In this brief introduction to the second part of Confessions, De Quincey reflects on the trials he and Ann suffered in London. Although he was never so poor again, he would suffer illness and psychic misery later in life. He believes that his time in London prepared him for these struggles by teaching him to endure hardship.

The Pleasures of Opium

De Quincey first tried laudanum (a tincture of opium) in autumn of 1804 while he was still a student, after a classmate recommended it for the pain from a toothache. He remembers his first opium experience as mystical and joyous. He debunks the misconception that an opium high is similar to being drunk from wine. He notes that an opium high lasts much longer and feels very different. He then argues instead that opium allows people be their best selves morally and intellectually by alleviating the pain they experience from their everyday, physical problems. De Quincey also resents the assumption that opium causes depression and laziness. He uses his habit of wandering the streets of London while high as a counterexample to this. He also dwells on the special pleasure of attending the opera while under the influence of opium.

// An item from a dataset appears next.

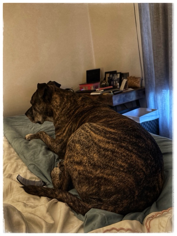 TimTam is determined to be on my bed in the morning so I am going with the flow. I am Not a bed dog person but there you are.

He notes that in his early years of taking opium, he only took it once a week and usually as a social activity. At the end of the section, De Quincey praises opium’s potential to relieve mankind’s sufferings.

Introduction to the Pains of Opium

In 1812, De Quincey moved to a cottage in the mountains to write and study. He lived with a single female servant and was relatively happy. He continued to take opium weekly, and his doctor endorsed this practice. In 1813, he increased his dosage because he was experiencing extreme stomach pains. He was temporarily able to decrease his dosage in the year 1816-1817, and he cites this as the happiest year of his life.

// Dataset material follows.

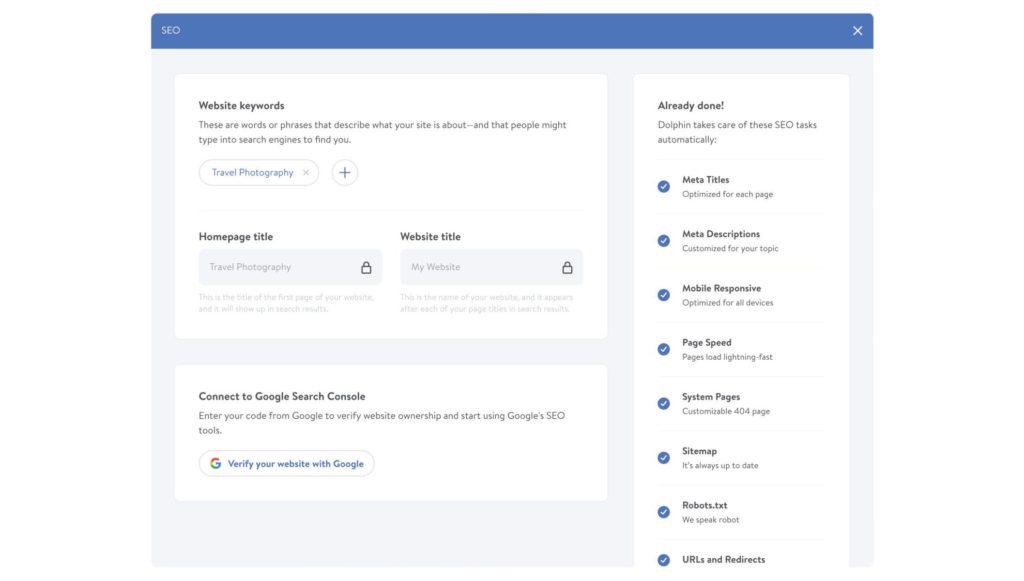 Leider sind die Möglichkeiten der SEO-Optimierung ebenfalls relativ begrenzt. Du hast lediglich ein Formular für deine Webseiten-Beschreibung, Keywords und Titel zur Verfügung. Das ist ein minimales Angebot an Möglichkeiten. Einen SEO-Assistenten wie zum Beispiel Wix es anbietet, vermissen wir ebenfalls.

During this period, a Malay sailor knocked on De Quincey’s door one day, presumably to beg. De Quincey allowed the Malay to take a nap on his floor and gave him some opium as a parting gift. He was shocked when the Malay immediately took all of the opium De Quincey gave him. Although the author thought the Malay would surely die, he seemed fine and De Quincey never heard about his body being found. The Malay would appear in De Quincey’s nightmares after he relapsed into heavy opium use.

The Pains of Opium

De Quincey forgoes chronological order in this section, and relates this period of his life instead as a series of events and impressions. As he increased his daily dose of laudanum, De Quincey became physically week and lost many of his intellectual faculties. He entertained himself by reading aloud and studying political science and economics. The work of David Ricardo particularly impressed him, and even inspired him to write his own economic treatise. However, he was unable to do publish it because he could not motivate himself to write the preface and the dedication.

De Quincey then began to experience hallucinations and vivid nightmares. He compares these to a set of plates by Giambatttista Piranesi called Dreams (the correct title is Imaginary Prisons). He often dreamt of lakes and worried this was a sign that his brain had dropsy. In May of 1818, De Quincey dreamt about the Malay. The dream is set in China, and in it, De Quincey is terrified of the intimidating foreign culture. A year later, he dreamt of visiting a child’s grave and of seeing Ann sitting on a stone. The setting changed to where he was walking with Ann through their old haunt, London’s Oxford Street. The most recent dream, from 1820, was a nightmare in which De Quincey is surrounded by a chorus of loud music that evokes the “caves of hell” and “everlasting farewells” (77). Shortly after this, De Quincey realized that he would die if he did not decrease his opium use, and he did so despite very painful withdrawals. He wishes other addicts luck in quitting. He still suffers from many misfortunes, and still experiences opium nightmares.